_WORK TASK_
I would like the lines below, from the one with "已经上映了18天之久的好莱坞" through the one with "图:美中关系全国委员会21日", copied exactly and without any pictures.

==== RECORDS PROVIDED ====

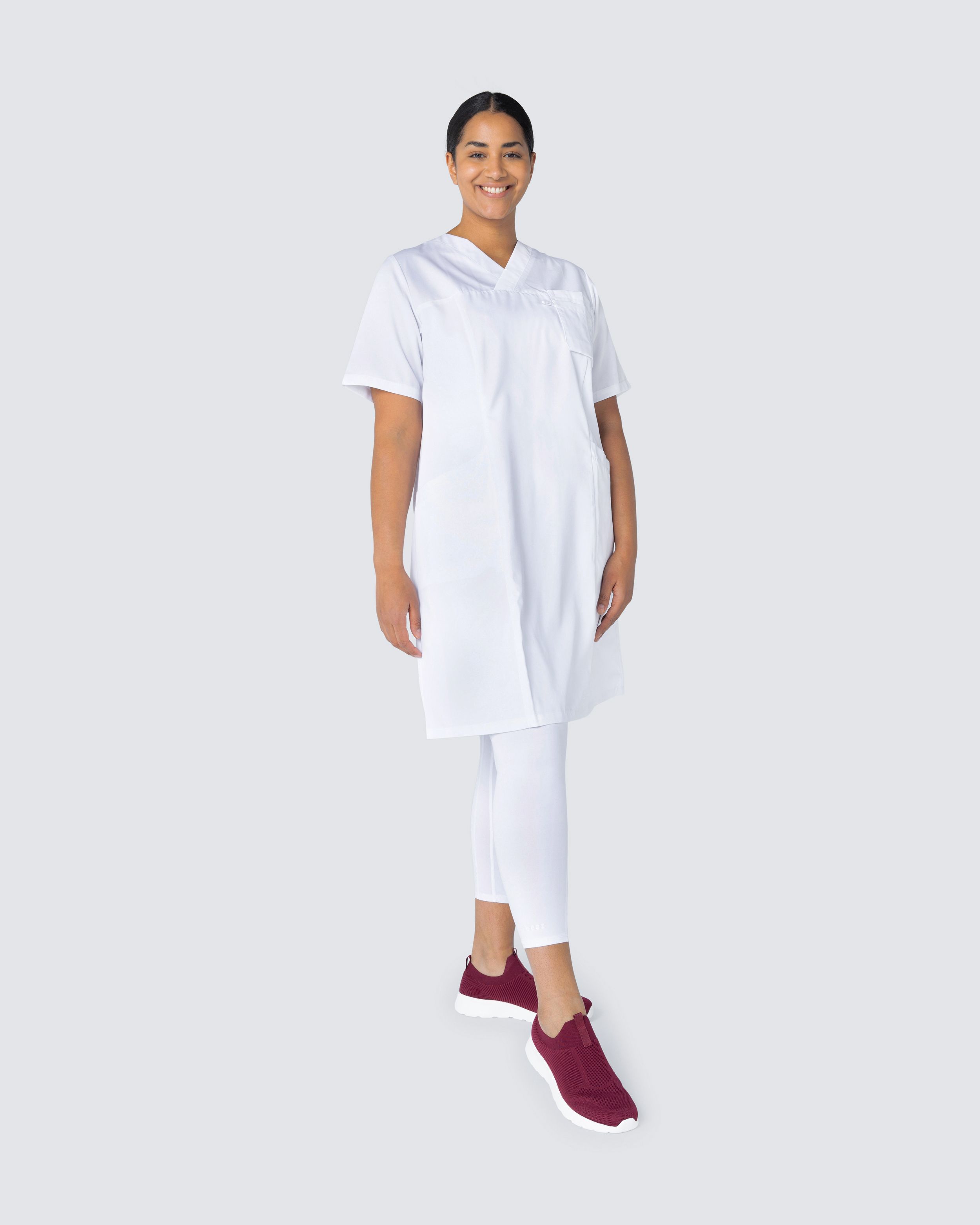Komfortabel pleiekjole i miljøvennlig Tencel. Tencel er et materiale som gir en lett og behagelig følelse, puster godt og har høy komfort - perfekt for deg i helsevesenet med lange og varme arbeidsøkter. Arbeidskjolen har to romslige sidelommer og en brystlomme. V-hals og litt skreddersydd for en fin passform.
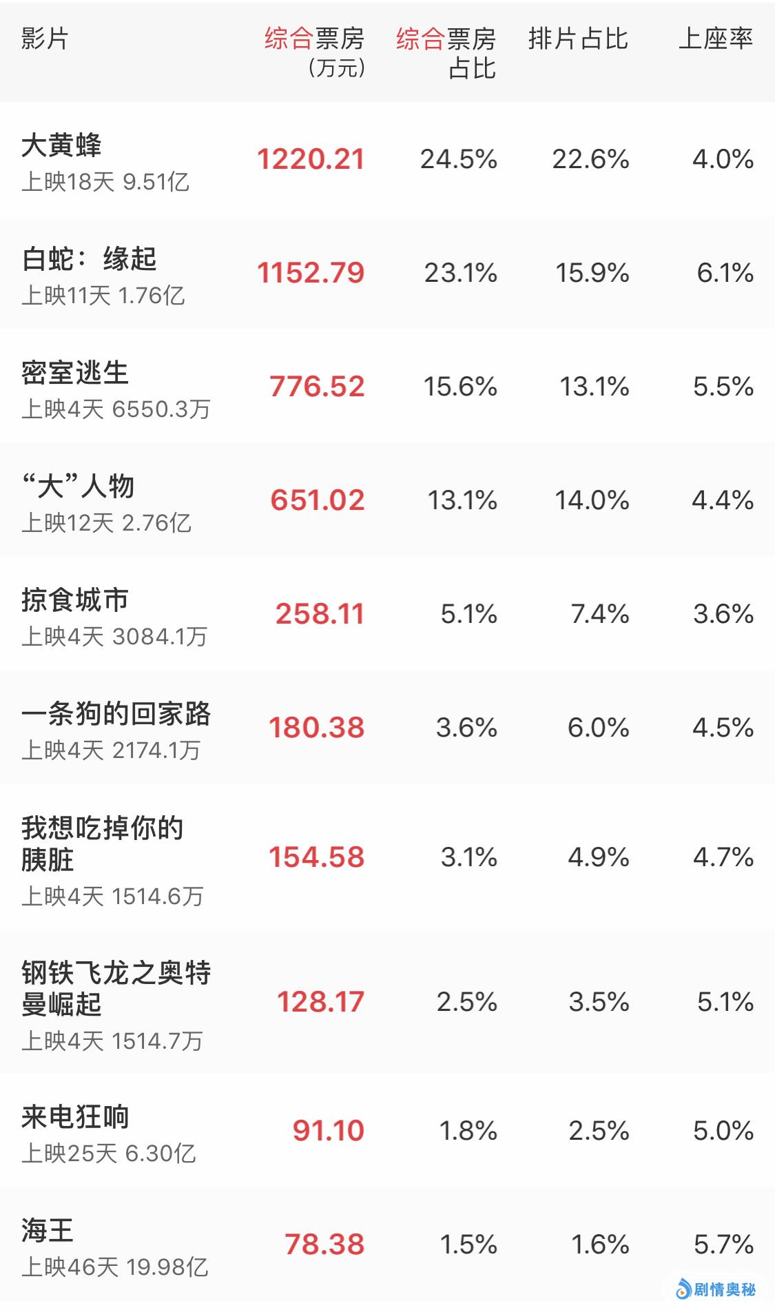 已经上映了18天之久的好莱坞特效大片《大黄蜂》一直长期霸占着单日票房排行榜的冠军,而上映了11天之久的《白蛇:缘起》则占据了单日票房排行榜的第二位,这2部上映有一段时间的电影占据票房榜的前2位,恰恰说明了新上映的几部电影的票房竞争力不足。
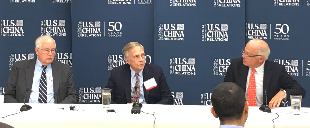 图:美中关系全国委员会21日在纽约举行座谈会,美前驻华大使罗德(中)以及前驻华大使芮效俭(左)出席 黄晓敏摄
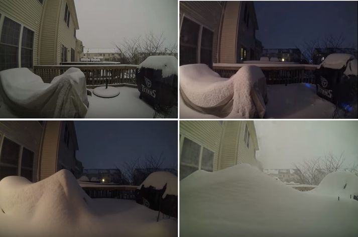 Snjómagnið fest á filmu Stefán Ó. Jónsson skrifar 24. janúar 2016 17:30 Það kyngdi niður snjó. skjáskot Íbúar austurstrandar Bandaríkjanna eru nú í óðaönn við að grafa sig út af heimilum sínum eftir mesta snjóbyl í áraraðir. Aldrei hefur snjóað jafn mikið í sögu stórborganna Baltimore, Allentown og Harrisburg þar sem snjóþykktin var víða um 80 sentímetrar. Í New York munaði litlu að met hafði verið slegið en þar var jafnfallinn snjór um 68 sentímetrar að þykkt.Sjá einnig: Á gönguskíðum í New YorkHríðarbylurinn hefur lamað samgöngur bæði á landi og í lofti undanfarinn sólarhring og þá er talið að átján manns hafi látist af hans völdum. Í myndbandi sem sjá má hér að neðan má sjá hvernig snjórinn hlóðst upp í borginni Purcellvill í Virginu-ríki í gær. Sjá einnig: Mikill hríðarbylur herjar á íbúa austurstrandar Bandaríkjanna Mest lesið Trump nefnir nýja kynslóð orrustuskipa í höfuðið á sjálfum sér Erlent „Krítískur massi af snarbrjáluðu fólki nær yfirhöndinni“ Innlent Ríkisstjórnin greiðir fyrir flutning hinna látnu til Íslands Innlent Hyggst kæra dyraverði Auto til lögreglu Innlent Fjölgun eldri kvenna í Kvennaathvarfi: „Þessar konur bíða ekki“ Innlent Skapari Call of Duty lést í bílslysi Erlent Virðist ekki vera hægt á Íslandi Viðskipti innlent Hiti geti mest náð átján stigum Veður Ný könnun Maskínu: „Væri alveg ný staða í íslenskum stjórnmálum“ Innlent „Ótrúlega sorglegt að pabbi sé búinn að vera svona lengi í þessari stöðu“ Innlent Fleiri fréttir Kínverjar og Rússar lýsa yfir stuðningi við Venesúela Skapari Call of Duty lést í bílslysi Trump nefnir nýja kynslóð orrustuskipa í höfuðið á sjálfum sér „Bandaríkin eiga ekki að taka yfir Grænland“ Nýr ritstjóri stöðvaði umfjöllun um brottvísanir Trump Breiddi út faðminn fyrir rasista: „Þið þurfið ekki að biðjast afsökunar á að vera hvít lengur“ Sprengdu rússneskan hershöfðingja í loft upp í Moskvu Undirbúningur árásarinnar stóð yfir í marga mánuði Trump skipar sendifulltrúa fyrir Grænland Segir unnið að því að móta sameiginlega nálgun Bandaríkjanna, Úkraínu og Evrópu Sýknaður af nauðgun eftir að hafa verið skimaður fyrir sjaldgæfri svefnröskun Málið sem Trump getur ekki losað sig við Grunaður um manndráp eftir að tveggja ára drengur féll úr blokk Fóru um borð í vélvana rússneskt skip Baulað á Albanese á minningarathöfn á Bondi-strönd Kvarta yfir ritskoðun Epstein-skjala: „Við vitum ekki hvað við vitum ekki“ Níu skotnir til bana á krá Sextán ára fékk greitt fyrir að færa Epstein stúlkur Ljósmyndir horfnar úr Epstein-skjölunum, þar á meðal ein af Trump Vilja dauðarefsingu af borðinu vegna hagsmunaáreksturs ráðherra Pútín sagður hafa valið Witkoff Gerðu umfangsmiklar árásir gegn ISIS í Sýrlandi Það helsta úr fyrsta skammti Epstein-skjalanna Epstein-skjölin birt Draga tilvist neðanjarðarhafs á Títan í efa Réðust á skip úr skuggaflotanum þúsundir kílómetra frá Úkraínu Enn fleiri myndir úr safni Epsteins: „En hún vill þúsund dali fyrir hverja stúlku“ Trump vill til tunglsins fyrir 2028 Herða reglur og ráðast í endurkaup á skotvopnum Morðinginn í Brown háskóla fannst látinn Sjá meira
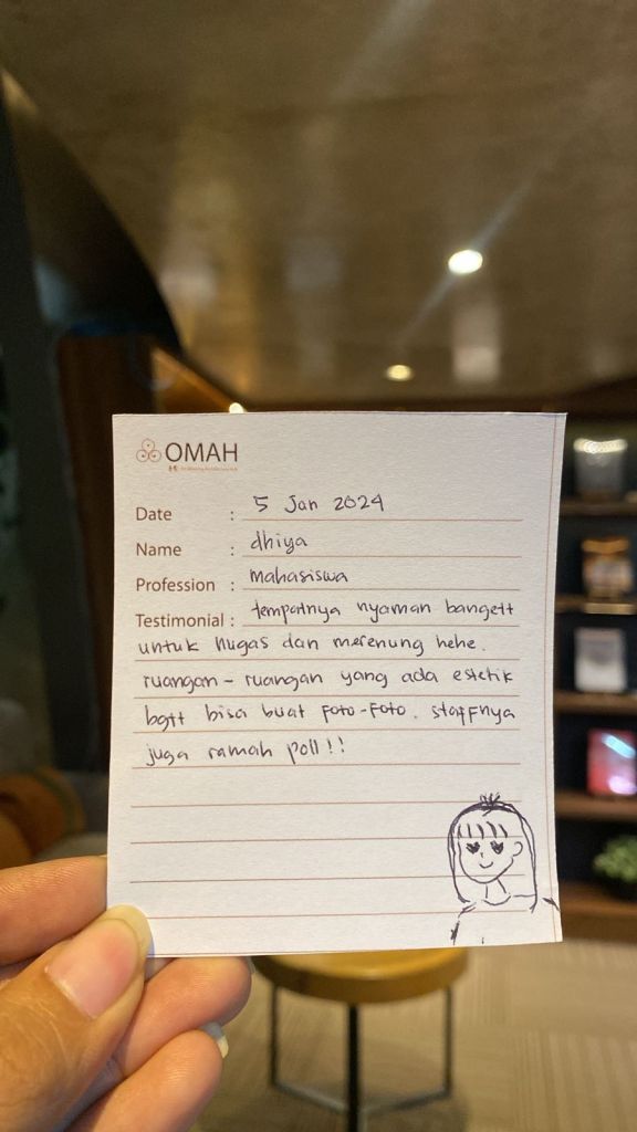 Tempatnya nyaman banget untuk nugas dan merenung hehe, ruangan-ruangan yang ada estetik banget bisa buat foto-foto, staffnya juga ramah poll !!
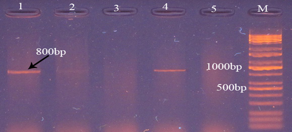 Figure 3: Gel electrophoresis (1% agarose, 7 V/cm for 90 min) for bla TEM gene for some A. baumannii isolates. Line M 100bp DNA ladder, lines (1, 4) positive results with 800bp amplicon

====

_WRITTEN RESPONSE_
 已经上映了18天之久的好莱坞特效大片《大黄蜂》一直长期霸占着单日票房排行榜的冠军,而上映了11天之久的《白蛇:缘起》则占据了单日票房排行榜的第二位,这2部上映有一段时间的电影占据票房榜的前2位,恰恰说明了新上映的几部电影的票房竞争力不足。
 图:美中关系全国委员会21日在纽约举行座谈会,美前驻华大使罗德(中)以及前驻华大使芮效俭(左)出席 黄晓敏摄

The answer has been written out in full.